The latest stupidity was my struggle with coffee, which lasted all week, and on the weekend I went to a restaurant and drank a treasured cup, incredibly proud of myself. I was able to survive another week, despite the fact that there is an excellent coffee maker in the nightstand, I could, I overpowered myself.
Did I love myself then?
And what do you think?
I loved my willpower, I loved my pride,I loved everything, anything, but not myself ...
Because, I fought with my uniqueness, with my peculiarity, which was a part of me. One cup of coffee a day would never harm my health, but my mind was blinded by me, and I continued day after day in a meaningless struggle with myself.
Then one day I woke up and realized that I did not love myself.
I drive myself into the “Procrustean Lodge” because of some false beliefs.
I do not love myself so much that I don’t give the most dear to me a person to enjoy what is so important to him.
Is it love?
In my opinion, this is torture.
Does the executioner love the victim he is torturing? No! So why did I become an executioner for myself? Why did I do this?
This thought turned my life around, and I went straight to the nightstand and pulled out a coffee maker.
I love coffee!
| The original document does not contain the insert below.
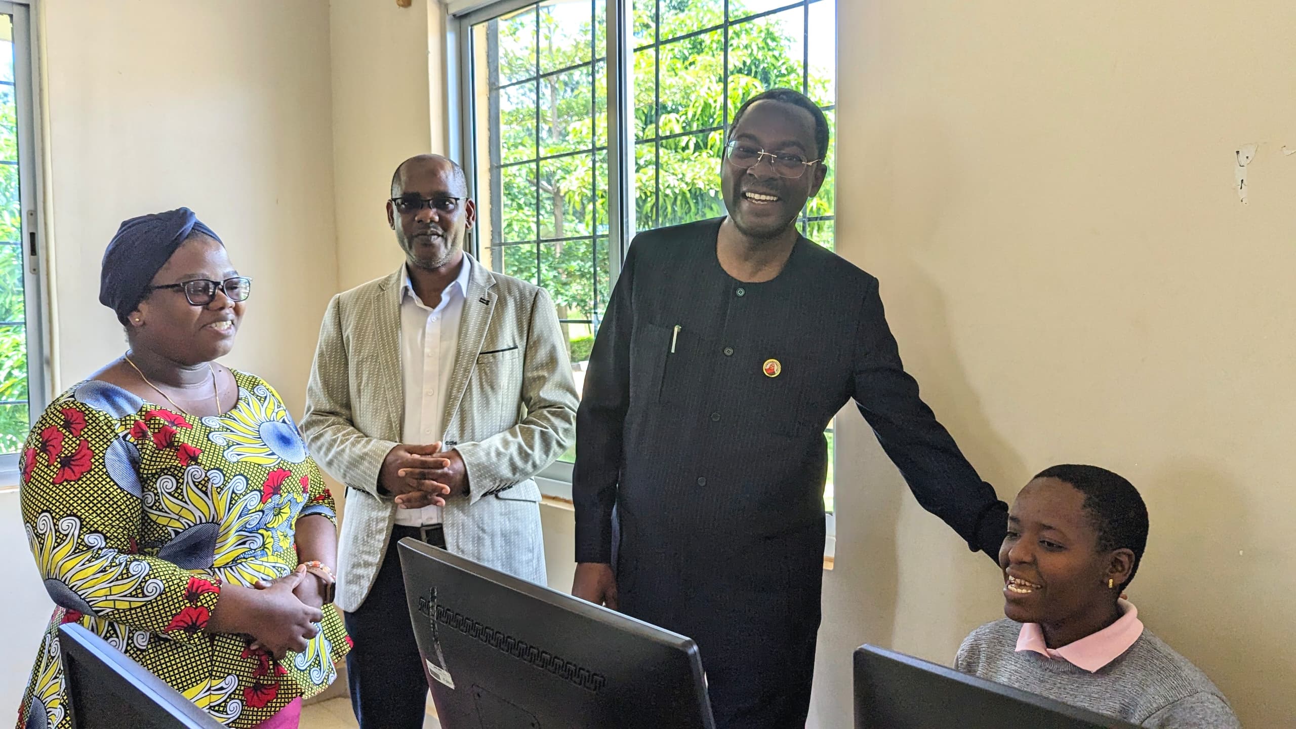 Waziri wa Nchi Ofisi ya Rais Menejimenti ya Utumishi wa Umma na Utawala Bora Mhe. George Simbachawene pamoja na Kaimu Katibu Sekretarieti ya Ajira katika Utumishi wa Umma Bw. Innocent Bomani wakiwa kwenye chumba cha kufanyia usaili wa kuandika kwa njia ya Kidigitali katika kituo cha VETA Manyara

I love to drink it from a big mug, with sugar and whipped milk, and also sprinkled with ground cinnamon!
Just ground and brewed, the coffee stood before me in a snow-white porcelain cup and rested. His delicious foam lavished on her fragrance, and tiny bubbles burst on her, setting the pace for the beautiful day of my new life, in whichI loved myself, all your features, uniqueness, your whole personality!
With wrinkles at the edges of the eyes, because I love to laugh, just laugh with all my might!
With a face without a shadow of makeup, because I do not like all this chemistry on me. With naughty hair that will curl despite all my efforts and products of cosmetic companies.All of myself, the way I am.
That day over a cup of your favorite drinkI painted what I like to eat, drink and do.
And now I try to bring these things into my life as often as possible.
And everything really got better!
After all, all my actions bring me joy and pleasure, there are no thoughts in my head that destroy me, and as you know, the Universe responds to such positive thinking and gives a person the opportunity to enjoy life even more.
This article reflects only the opinion of the author on this issue and does not apply to topics related to damage to health: smoking, alcohol and drugs.